In this example, the original network is compiled as one MDLA main graph (corresponded to X as “0”), which is composed of 4 parallel subgraphs (corresponded to Y as “4”). The execution time here should be the maximum time out of all four subgraph#0, which is 12.977 ms. If we check the Execute On Device time in level 2, the execution time is 14.153 ms, which means that there is a (14.153 - 12.977) ms function call and kernel driver overhead between level 2 and level 3.

Note

  • If there are parallel subgraphs in a scenario, then Total Execution Time can be ignored because it is always the sum of one sub-scenario.

  • Level 3 information may not be available for some devices, such as TFLiteCPU and GPU.

Level 4 Example

Level 4 is the breakdown scenarios of level 3. Level 4 might show MDLA, MVPU, VPU, or EDMA, depending on the application scenario.

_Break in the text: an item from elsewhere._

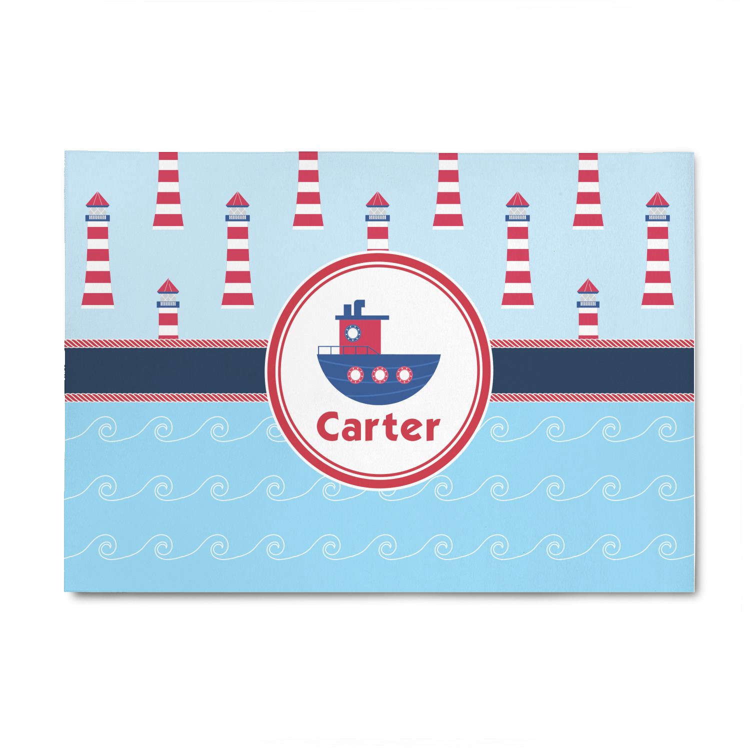 The center focal point of the design is a whimsical coordinating colored tugboat showcased in what looks like a ship's porthole with your personalized name under the tugboat.

----------------------------------------------------------------------------------------------------
                                 APUSys IP Time (LEVEL 4) - Summary
----------------------------------------------------------------------------------------------------
  Total Execution Time: 4883.115 ms over 100 times inference.
 ====Time===, ==Ratio==, =ExeTimes=, =Time/Inf.=, ===Description===
    1206.809,     24.7%,        100,      12.068, MDLA_3_0 - subgraph#0-0
    1190.617,     24.4%,        100,      11.906, MDLA_3_0 - subgraph#0-1
    1260.328,     25.8%,        100,      12.603, MDLA_3_0 - subgraph#0-2
    1225.361,     25.1%,        100,      12.254, MDLA_3_0 - subgraph#0-3
    4883.115,    100.0%,        100,      48.831, Total
----------------------------------------------------------------------------------------------
                                APUSys IP Time (LEVEL 4) - Breakdown
----------------------------------------------------------------------------------------------
  MDLA_3_0 - subgraph#0-0: avg Time/inf.: 12.068090000000002 ms over 100 times inference.
 ====Time===, ==GraphIdx==, ==ExeIdx==, ===Description===
      12.040,           #0,         #0, MDLA_3_0 - subgraph#0-0
      11.940,           #0,         #1, MDLA_3_0 - subgraph#0-0
       ...  ,         ... ,       ... ,    ...
      12.073,           #0,        #98, MDLA_3_0 - subgraph#0-0
      11.966,           #0,        #99, MDLA_3_0 - subgraph#0-0
 ----------------------------------------------------------------------------------------------
  MDLA_3_0 - subgraph#0-1: avg Time/inf.: 11.906169999999992 ms over 100 times inference.
 ====Time===, ==GraphIdx==, ==ExeIdx==, ===Description===
      11.878,           #0,         #0, MDLA_3_0 - subgraph#0-1
      11.876,           #0,         #1, MDLA_3_0 - subgraph#0-1
       ...  ,         ... ,       ... ,    ...
      11.896,           #0,        #98, MDLA_3_0 - subgraph#0-1
      11.719,           #0,        #99, MDLA_3_0 - subgraph#0-1
 ----------------------------------------------------------------------------------------------
  MDLA_3_0 - subgraph#0-2: avg Time/inf.: 12.60328 ms over 100 times inference.
 ====Time===, ==GraphIdx==, ==ExeIdx==, ===Description===
      12.630,           #0,         #0, MDLA_3_0 - subgraph#0-2
      12.021,           #0,         #1, MDLA_3_0 - subgraph#0-2
       ...  ,         ... ,       ... ,    ...
      12.331,           #0,        #98, MDLA_3_0 - subgraph#0-2
      12.553,           #0,        #99, MDLA_3_0 - subgraph#0-2
 ----------------------------------------------------------------------------------------------
  MDLA_3_0 - subgraph#0-3: avg Time/inf.: 12.253610000000004 ms over 100 times inference.
 ====Time===, ==GraphIdx==, ==ExeIdx==, ===Description===
      12.257,           #0,         #0, MDLA_3_0 - subgraph#0-3
      11.961,           #0,         #1, MDLA_3_0 - subgraph#0-3
       ...  ,         ... ,       ... ,    ...
      12.154,           #0,        #98, MDLA_3_0 - subgraph#0-3
      12.179,           #0,        #99, MDLA_3_0 - subgraph#0-3
 ----------------------------------------------------------------------------------------------
  • APUSys IP Time: The lowest level IP execution time reported by the APUSys driver

  • MDLA_3_0 - subgraph#X-Y: The execution IP time of subgraph#X-Y.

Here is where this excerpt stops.